"Sleeping Beauty" (Oh, No it isn’t)

It’s panto time again!

Last night, as I do every year, I went to Greenwich Theatre’s latest offering to the festive gods. Usually a whole bunch of us go and it signals the beginning of the Christmas season.

Actually, after last year I hadn’t intended to bother with this one – I had been very disappointed with the production.

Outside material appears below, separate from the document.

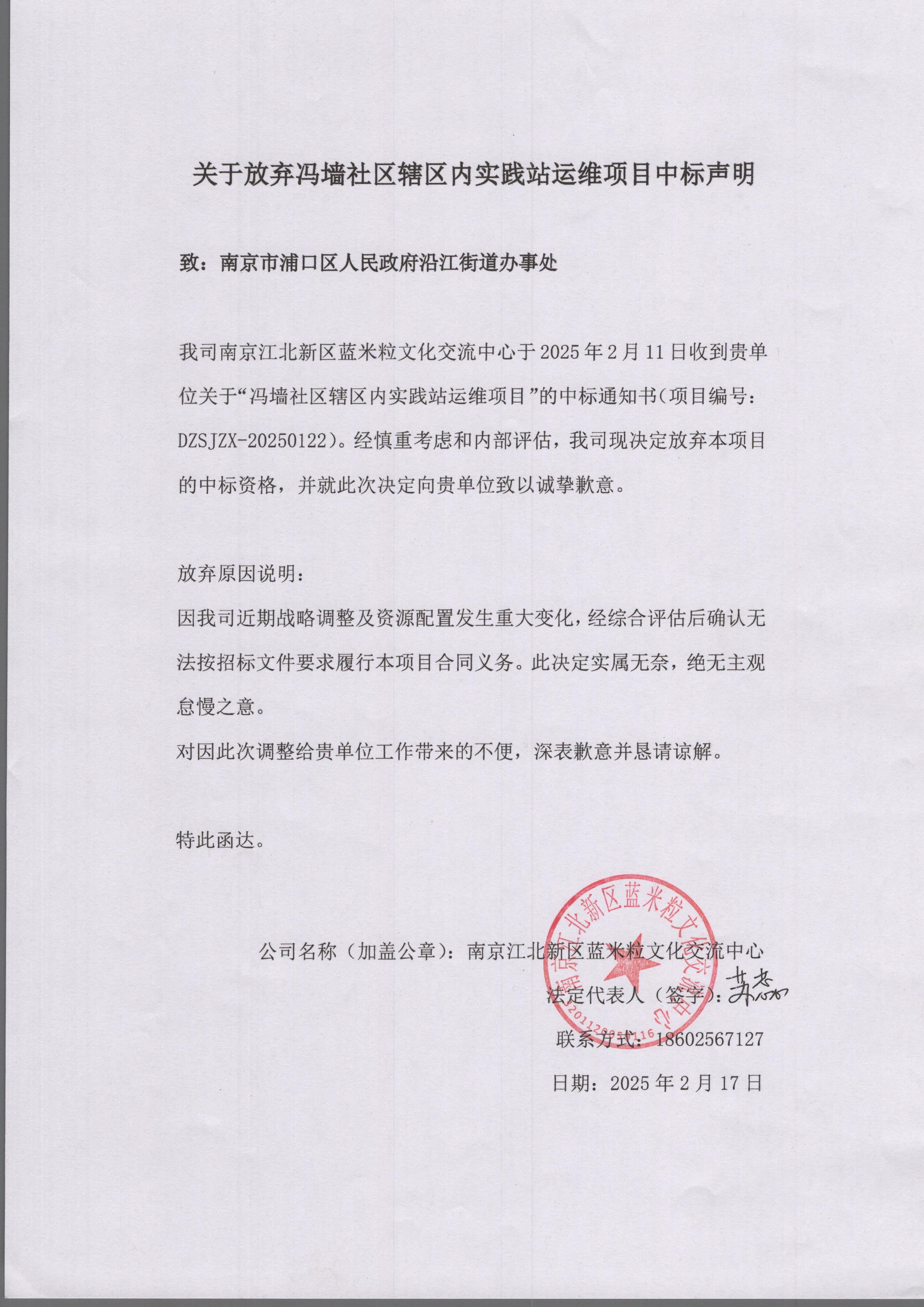 南京江北新区蓝米粒文化交流中心放弃中标声明函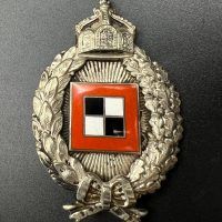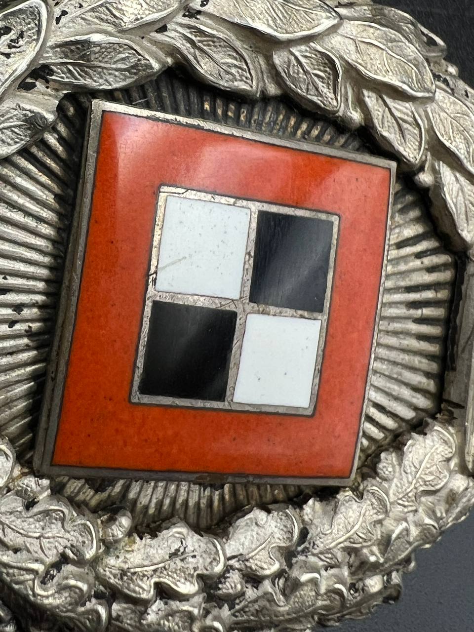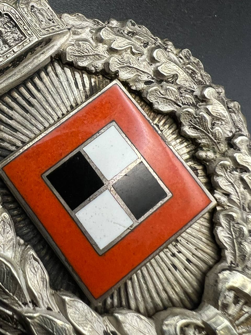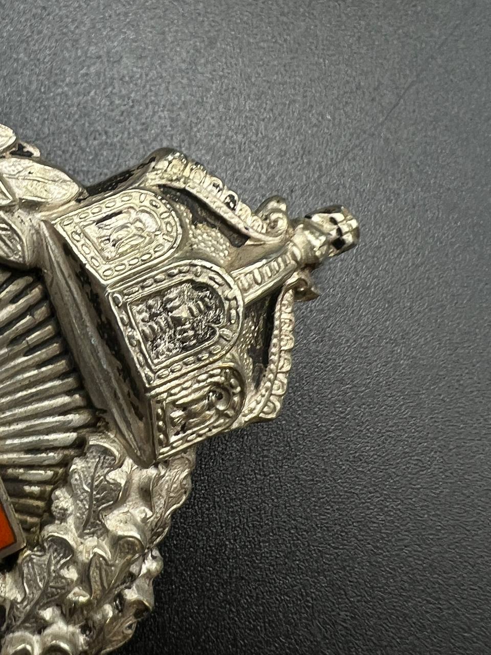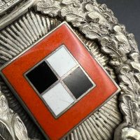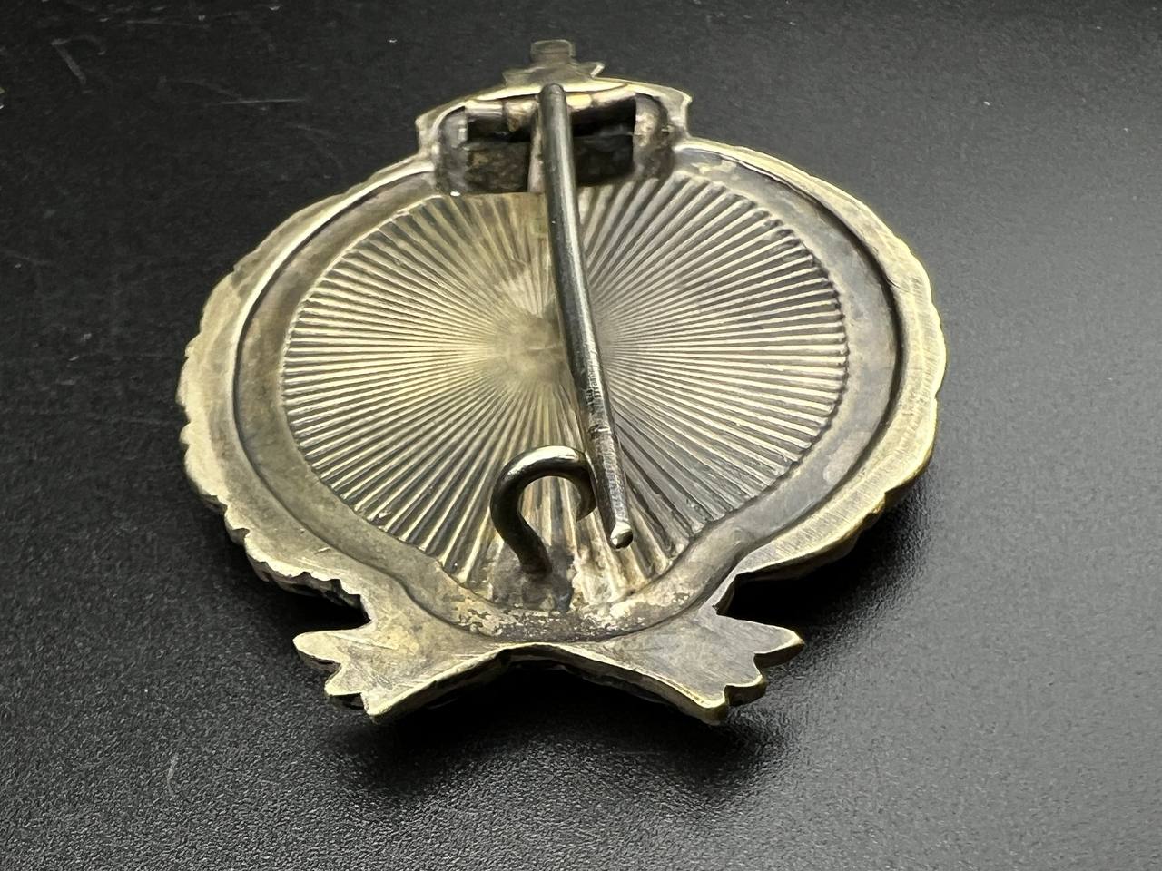 Very fine example manufactured by C.E. Juncker Berlin. Silver-plated base metal, hollow-embossed, reverse with sunburst plate. Without maker mark.

I had been sad to see London Bubble stop doing the panto at Greenwich – “artistic differences” was the reason quoted. Bubble’s rough-and ready style doesn’t always hit the mark – and sometimes the miss is quite wide – but it’s always interesting. I used to particularly love the dame who made no effort whatsoever to be anything other than a bloke in a dress and was all the funnier for it, but other bits were often rather lame in the director’s quest not to “do panto” – apparently he hates the medium and spent most of his time trying to create anything other than good old fashioned fun – which in my book is a shame. Panto is what it is and that’s it.

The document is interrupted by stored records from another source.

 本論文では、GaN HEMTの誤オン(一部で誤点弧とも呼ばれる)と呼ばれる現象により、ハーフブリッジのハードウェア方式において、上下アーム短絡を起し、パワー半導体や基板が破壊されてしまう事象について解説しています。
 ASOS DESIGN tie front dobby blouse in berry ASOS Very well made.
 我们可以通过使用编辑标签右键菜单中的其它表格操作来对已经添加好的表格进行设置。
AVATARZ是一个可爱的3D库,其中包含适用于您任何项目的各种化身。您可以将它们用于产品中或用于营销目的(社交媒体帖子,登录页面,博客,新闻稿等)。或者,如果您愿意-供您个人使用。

I was very pleased to see that the replacement company was to be Natural Theatre. Which made my disappointment last year double. Perhaps, I thought afterwards, I had been expecting too much – after all Natural Theatre was one of my favourite theatre companies when I was a student and many years later, memories of people wearing flower pots instead of heads and productions such as Scarlatti’s Birthday and Eat Me had possibly warped to unattainable brilliance in my mind. But the script was poor, the Dame wasn’t the indomitable Ralph Oswick but some bloke who wished he was Eddie Izzard and wasn’t and the whole thing was very lacklustre. Only Abanazer was any good.

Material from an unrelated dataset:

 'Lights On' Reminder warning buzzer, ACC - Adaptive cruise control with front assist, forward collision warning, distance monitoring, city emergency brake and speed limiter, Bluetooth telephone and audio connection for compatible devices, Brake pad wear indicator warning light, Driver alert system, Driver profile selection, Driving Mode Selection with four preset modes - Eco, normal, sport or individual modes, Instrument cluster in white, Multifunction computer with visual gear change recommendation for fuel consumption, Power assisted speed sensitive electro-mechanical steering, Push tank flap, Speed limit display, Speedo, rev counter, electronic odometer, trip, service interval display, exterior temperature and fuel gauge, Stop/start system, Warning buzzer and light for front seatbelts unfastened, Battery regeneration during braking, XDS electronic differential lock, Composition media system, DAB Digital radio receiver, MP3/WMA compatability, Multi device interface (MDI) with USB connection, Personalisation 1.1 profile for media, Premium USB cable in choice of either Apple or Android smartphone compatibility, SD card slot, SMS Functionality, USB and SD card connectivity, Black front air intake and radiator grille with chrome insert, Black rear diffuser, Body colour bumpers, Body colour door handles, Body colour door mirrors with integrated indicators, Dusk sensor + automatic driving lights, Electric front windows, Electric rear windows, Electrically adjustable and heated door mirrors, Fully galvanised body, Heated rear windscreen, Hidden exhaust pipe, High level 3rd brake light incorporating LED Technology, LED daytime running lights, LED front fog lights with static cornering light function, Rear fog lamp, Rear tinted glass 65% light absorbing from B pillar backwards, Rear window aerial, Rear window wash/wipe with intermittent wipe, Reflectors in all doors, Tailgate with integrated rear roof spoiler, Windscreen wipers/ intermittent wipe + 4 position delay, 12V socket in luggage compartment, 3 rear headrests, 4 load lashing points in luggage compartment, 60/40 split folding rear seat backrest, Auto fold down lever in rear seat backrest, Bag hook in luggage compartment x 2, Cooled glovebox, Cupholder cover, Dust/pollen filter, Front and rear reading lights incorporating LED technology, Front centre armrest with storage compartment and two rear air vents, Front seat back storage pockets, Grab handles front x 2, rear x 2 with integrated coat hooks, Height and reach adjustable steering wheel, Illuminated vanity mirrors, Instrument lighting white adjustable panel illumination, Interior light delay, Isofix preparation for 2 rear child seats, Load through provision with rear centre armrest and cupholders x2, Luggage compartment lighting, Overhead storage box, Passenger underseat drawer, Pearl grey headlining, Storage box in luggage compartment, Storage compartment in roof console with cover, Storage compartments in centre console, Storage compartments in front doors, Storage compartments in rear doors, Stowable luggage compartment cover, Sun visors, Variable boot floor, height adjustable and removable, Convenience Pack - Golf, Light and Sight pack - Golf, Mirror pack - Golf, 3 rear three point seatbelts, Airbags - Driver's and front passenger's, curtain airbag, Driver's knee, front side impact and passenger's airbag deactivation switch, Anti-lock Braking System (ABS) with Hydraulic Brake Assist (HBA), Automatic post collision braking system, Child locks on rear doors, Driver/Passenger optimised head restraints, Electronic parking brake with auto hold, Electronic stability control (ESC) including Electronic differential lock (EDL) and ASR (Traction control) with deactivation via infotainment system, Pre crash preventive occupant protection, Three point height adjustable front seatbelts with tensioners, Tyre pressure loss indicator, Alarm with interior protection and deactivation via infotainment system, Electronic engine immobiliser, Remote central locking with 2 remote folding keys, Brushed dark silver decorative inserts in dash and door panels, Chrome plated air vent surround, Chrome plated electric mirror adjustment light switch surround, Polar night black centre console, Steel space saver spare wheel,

So I took the precaution this year of getting really rather drunk before seeing the show. I needn’t have bothered. This year’s show is everything last year’s wasn’t. It’s slick, fast-paced, funny, silly, tuneful and good to look at. The performances are spot-on – especially that of Paul Critoph as the King (just wonderful – a literally-rounded, jolly Ole King Cole of a performance which made me smile whenever he was onstage) and Andrew Pollard as Nanny Fanny – clearly a very experienced dame – and writer. Even the leads – usually thankless wet roles- were sparky and fun. Lots of good effects and appropriate songs – not performed to death – and fun for kiddies and adults in equal measure. I particularly liked the good fairy singing “holding out for a hero” and the rude banana gag. I inwardly groaned when the obligatory “lovers’ song” began, but ended up laughing the most at the naughty upstaging that the rest of the cast indulged in mercilessly behind the hapless pair.

Just in case it seems that I may have had my judgement impaired, I brought along several friends who were driving and therefore drinking very responsibly indeed – and they loved it too – even the curmudgeon who normally hates panto.

Seriously folks. Grab a kid (or a kid-at-heart) and see this show. It’s fabulous.